Considerations for international service charges

Tax authorities often place a great focus on services charges and transfer pricing practices when examine the affairs of multinational enterprises. If the contracts for services are not determined using appropriate market values then, according to tax authorities, it could indicate that the profits of the enterprise are being shifted between jurisdictions. Please remember that tax authorities will always endeavor to ascertain the real nature of the services purchased and all resulting benefits, and in some circumstances may disregard the description of services as provide in accompanying contract documentation.

We recommend that multinational enterprises follow several basic rules and considerations to which tax authorities and auditors are likely to pay great attention.

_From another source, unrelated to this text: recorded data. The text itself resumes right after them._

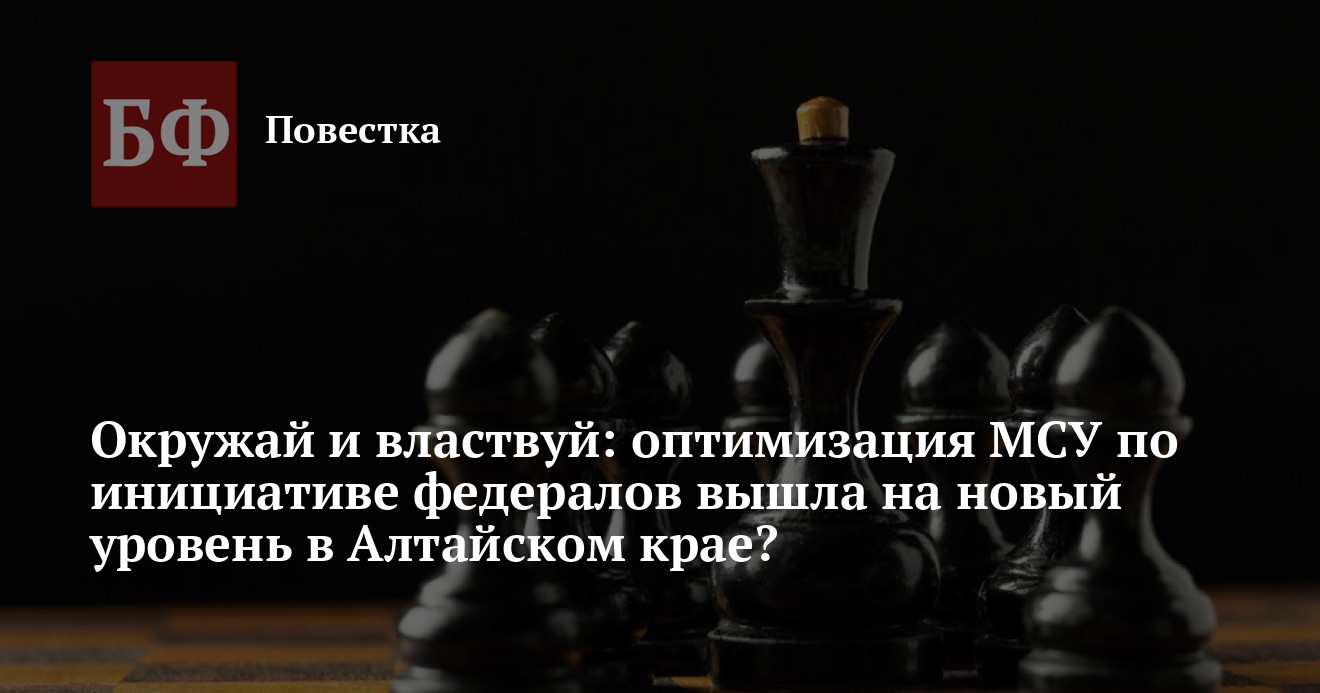 В Алтайском крае, как и в других регионах России, ведется преобразование муниципальных районов в одноуровневую систему органов местного самоуправления. Это делается в целях оптимизации и предполагает объединение всех сельсоветов в единый округ с централизацией власти и процессов управления в окружной администрации. Такое укрупнение влечет за собой упразднение исполнительных и представительных органов сельских поселений в МО. При этом в селах формируют филиал окружной администрации с ограниченным количеством сотрудников или назначают старосту.
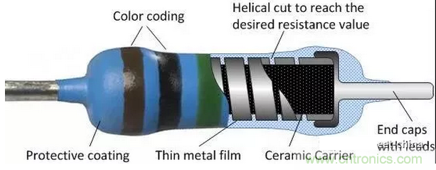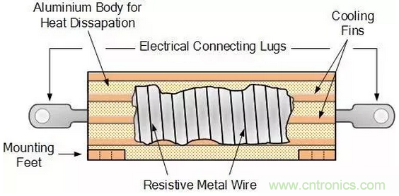 繞線電阻是將鎳鉻合金導(dǎo)線繞在氧化鋁陶瓷基底上,一圈一圈控制電阻大小。繞線電阻可以制作為精密電阻,容差可以到0.005%,同時溫度系數(shù)非常低,缺點(diǎn)是繞線電阻的寄生電感比較大,不能用于高頻。繞線電阻的體積可以做的很大,然后加外部散熱器,可以用作大功率電阻。
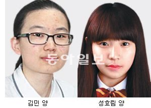 두 학생은 가정형편은 어렵지만 학교성적은 최상위권으로 평소 봉사활동을 많이 하는 공통점이 있다. 김 양은 홀몸노인을 찾아 틈틈이 봉사활동을 꾸준히 해 교내 모범상과 효행상을 받았다. 그는 “대학에서 의학을 공부한 뒤 소외 계층에 의료봉사를 하는 삶을 살고 싶다”고 말했다. 지난해 한국해외봉사단원연합회를 통해 캄보디아에서 교육봉사를 했던 성 양은 “대학에서 정치외교학을 공부해 외교관이 되고 싶다”고 했다.
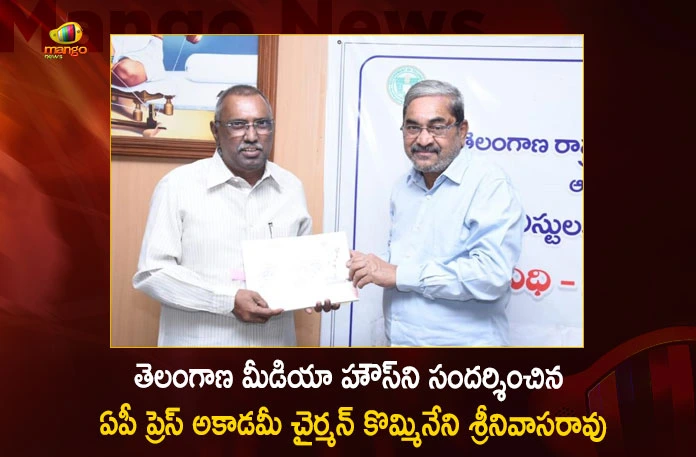 ఆంధ్రప్రదేశ్ ప్రెస్ అకాడమీ చైర్మన్ కొమ్మినేని శ్రీనివాసరావు తెలంగాణ మీడియా హౌస్ని సందర్శించారు. ఈ మేరకు శుక్రవారం ఆయన తెలంగాణ మీడియా అకాడమీ చైర్మన్ అల్లం నారాయణను మర్యాదపూర్వకంగా కలిశారు. జర్నలిస్టుల సంక్షేమానికి తెలంగాణ ప్రభుత్వం చేపడుతున్న కార్యక్రమాలను, అల్లం నారాయణ వివరంగా కొమ్మినేనికి తెలిపారు. గత ఎనిమిది సంవత్సరాల నుంచి అకాడమీ నిర్వహించిన శిక్షణ తరగతులు, సెమినార్లు మరియు ఇతర కార్యక్రమాల గురించి తెలియజేశారు. అలాగే మీడియా అకాడమీ ప్రచురణలు, ఇతర వివరాల నోట్ను కొమ్మినేనికి అందజేశారు. ఈ సందర్భంగా ఇద్దరు చైర్మన్లు ఒకరినొకరు శాలువాతో సత్కరించారు. ఇక ఈ కార్యక్రమంలో తెలంగాణ అకాడమీ సెక్రెటరీ నాగులాపల్లి వెంకటేశ్వర రావు మరియు రెండు రాష్ట్రాల అకాడమీల సిబ్బంది తదితరులు పాల్గొన్నారు. కాగా ఇటీవలే కొమ్మినేని శ్రీనివాసరావు ఏపీ ప్రెస్ అకాడమీ చైర్మన్గా నియమితులవడం తెలిసిన విషయమే. వచ్చే రెండేళ్లపాటు ఆయన ఈ పదవిలో కొనసాగనున్నారు.
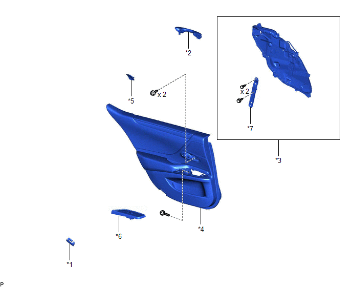| *3 | REAR DOOR SERVICE HOLE COVER | *4 | REAR DOOR TRIM BOARD SUB-ASSEMBLY |
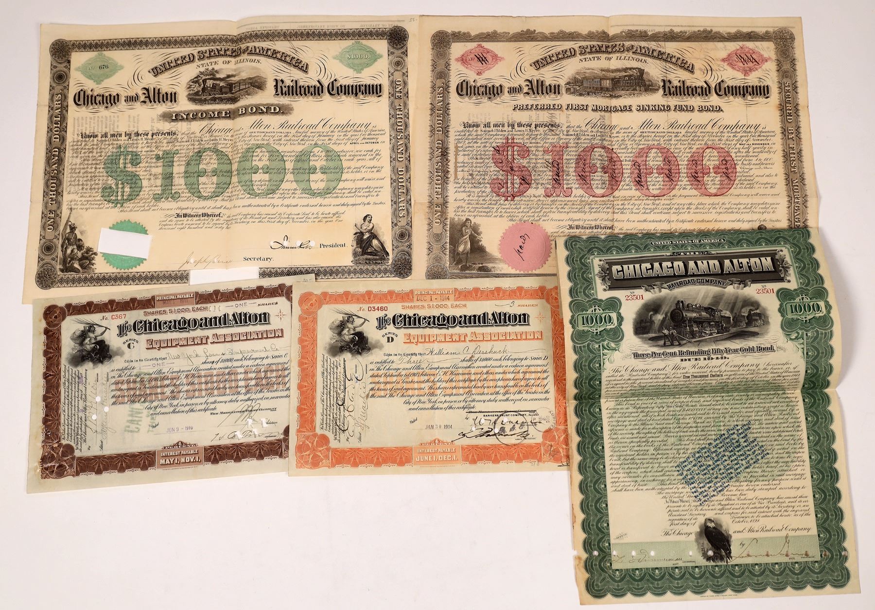 Lot of 5 different. Includes: two different $1,000 bonds issued in 1862 (one pen cancelled, one punch cancelled), both with locomotive vignette; $1,000 bond issued in 1899 (punch cancelled), locomotive vignette; and two different stocks for the Chicago & Alton Equipment Association, 1910 and 1914, both punch cancelled.

  1. Determine and validate the ultimate benefits that will arise from the purchase of a service.
  2. Confirm whether the supplier has the realistic ability to provide the services purchased in full.
  3. Validate the basis of charges for international services.
  4. Confirm that the same service could not be provided by your own enterprise (or any intergroup companies).
  5. Use the cost-plus method to set charges for international services.
  6. Confirm that the charges are priced in line with those offered by the provider to external third parties.
  7. Confirm and enforce that the director and/or chief executive do not simply provide investment monitoring services.
  8. Confirm that all investment agreements and loan contracts are set in line with appropriate market values and are fully chargeable.
  9. When buying agent’s or intermediary services, determine and provide fiscally prudent reason for the decision.
  10. Confirm that all mark ups are fair and set in correspondence to market values and undertaken risks.
  11. When buying the service, do not consider branches, associated companies, intergroup companies, and other entities with the same beneficiary owner as independent partners, and apply arm’s length transfer pricing practices. Also confirm that the local managers are informed of, and follow, all applicable transfer pricing rules.
  12. Consider all corresponding and arising tax obligations.

Unfortunately, service charges have often been used as a cover for illicit money laundering, and tax authorities around the world have zero tolerance for such actions. Due care and diligence must always be taken when signing off on any cross-border transactions, especially when concerning service charges.

For greater detail on current guidelines and procedures see Chapter VII “Special considerations for intra-group services” of the OECD’s Transfer Pricing Guidelines for Multinational Enterprises and Tax Administrations“.